In Hong Kong, shares finished up 0.94% on speculation that Beijing would announce a fresh round of stimulus measures, including an interest rate cut, as it emerges from a week-long holiday.
The Hang Seng Index closed 123.78 points higher at 13,278.21, adding 699.61 in the two days of trading this week. The index is down 7.7% for the month of January.
In Australia, the S&P/ASX 200 index ended the day up 14.5 points, 0.41%, at 3,540.7.
The All Ordinaries index had gained 16.8 points, or 0.49%, to 3,478.1.
In New Zealand, the NZX50 finished the trading week slightly higher, up 4 points to 2774 on turnover of $107 million.

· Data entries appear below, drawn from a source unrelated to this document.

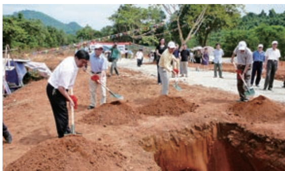
Ground-breaking ceremony of the new research center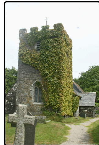
St. Ruan Church, Ruan Minor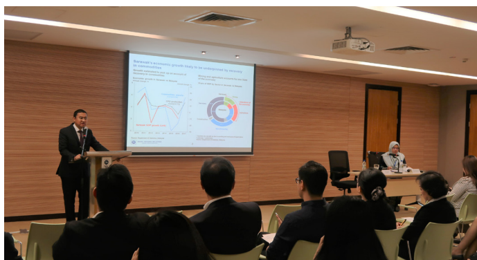
Briefing in progress

Bank Negara Malaysia (BNM) organised a Briefing on Bank Negara Malaysia Annual Report 2017 on 11 April 2018 at BNM office in Kuching. Approximately 100 representatives from the financial institutions, private sectors and trade associations attended this Briefing which was organised for the fourth time in Kuching.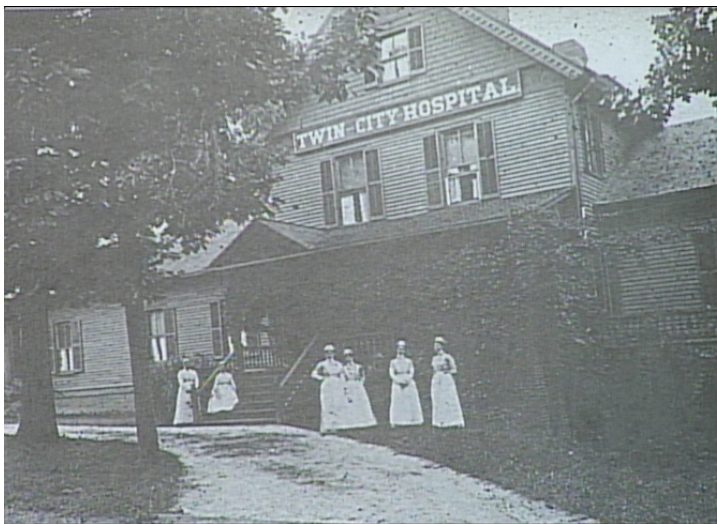
The Twin City Hospital was located on Brookstown Ave.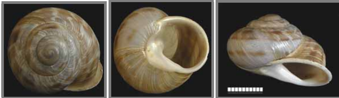
Figure 6. The view of Assyriella guttata from three directions (Scale 10 mm). Figura 6. Vedere Assyriella guttata din trei direcții (Scala 10 mm) (original).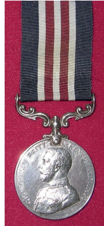
Fig. 8 The Military Medal awarded to non-commissioned ranks of the British Forces for bravery. Established on 25 March 1916. The Military Cross has been awarded to all ranks since 1993 when the MM was discontinued.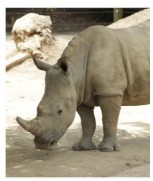
savannah rainforest desert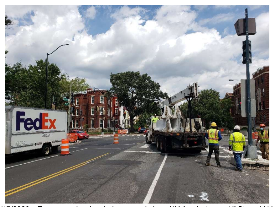
Picture No. 2 : 08/17/2020 – Temporary barriers being moved along NY Ave between 1<sup>st</sup> St. and NJ Ave. for Phase 4 switch (East View)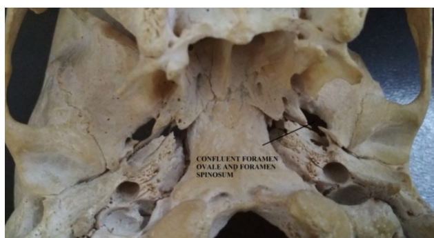
Fig. 5: Photograph of base of skull showing Confluent foramen ovale and foramen spinosum.

surgical importance, there are not many studies on skull base foramina from this part of India. Stenosis or presence of a bony spicule within the foramen ovale may result compression effect over mandibular nerve producing different clinical symptoms.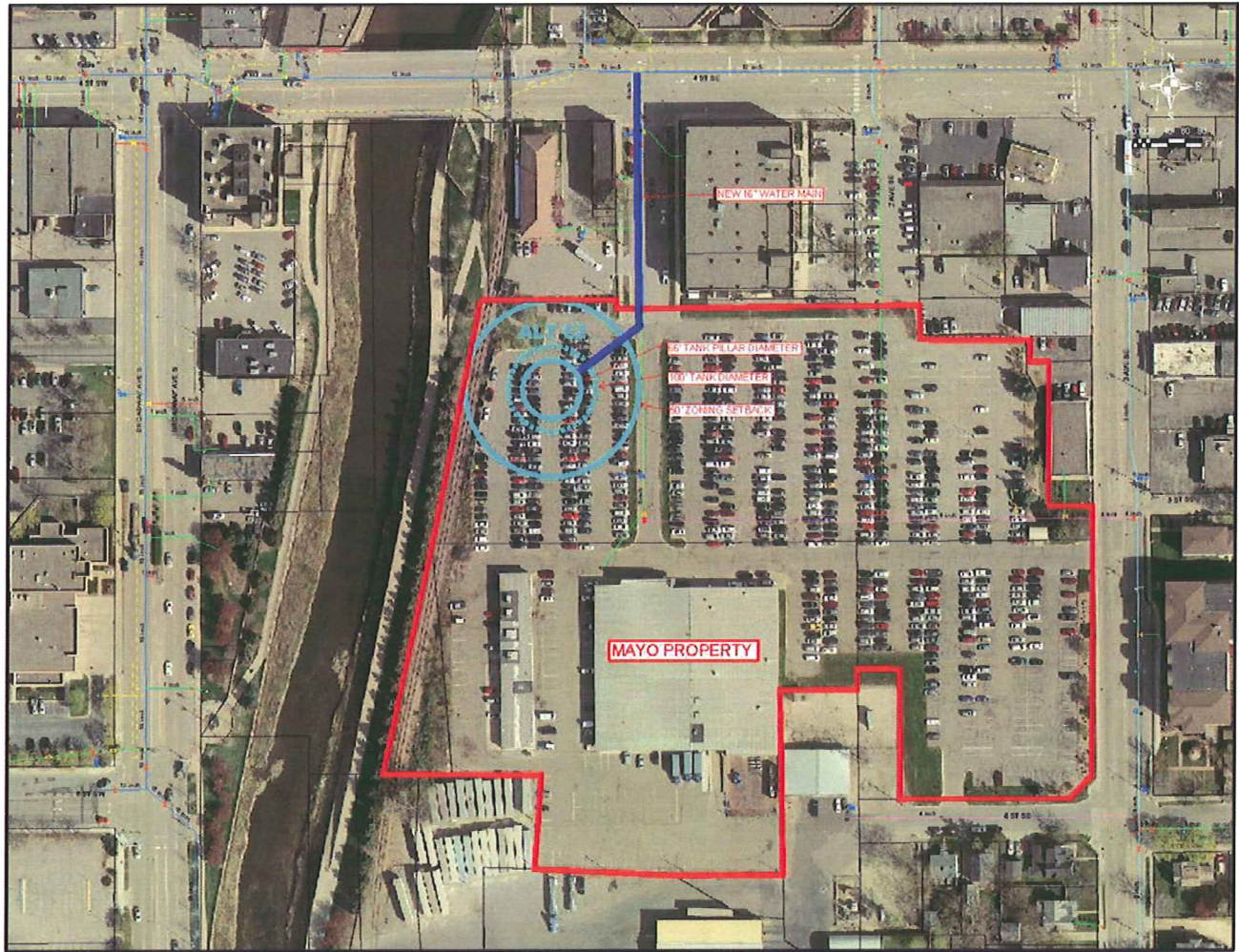
Reservoir Replacement Alternative E2 (Mayo Fullerton Property south of 4 St SE and west of 3 Ave SE) A 16" Watermain would be constructed north from the Hydropillar to 4 St SE.

Top stocks gained, with Contact Energy up 14 cents to $6.87 and Fletcher Building up 13c to $5.65. Telecom closed unchanged at $2.66.
NZ dollar down
However, the New Zealand dollar dropped to another six-year low on Friday, after Reserve Bank Governor Alan Bollard said interest rates are likely to be cut further.
On Thursday, the Reserve Bank lowered the Official Cash Rate from 5% to 3.5%.
Dr Bollard told a business meeting in Christchurch that, in addition to cutting the rate further, the bank has substantial capacity to increase the volume of cash in the system if need be.
Soon after, the New Zealand dollar fell to 50.9 US cents - its lowest point since December 2002.
A slide in the dollar started in March last year as investors began to pull out of the "carry trade" in which the purchase of high-yielding assets is funded by selling low-yield currencies.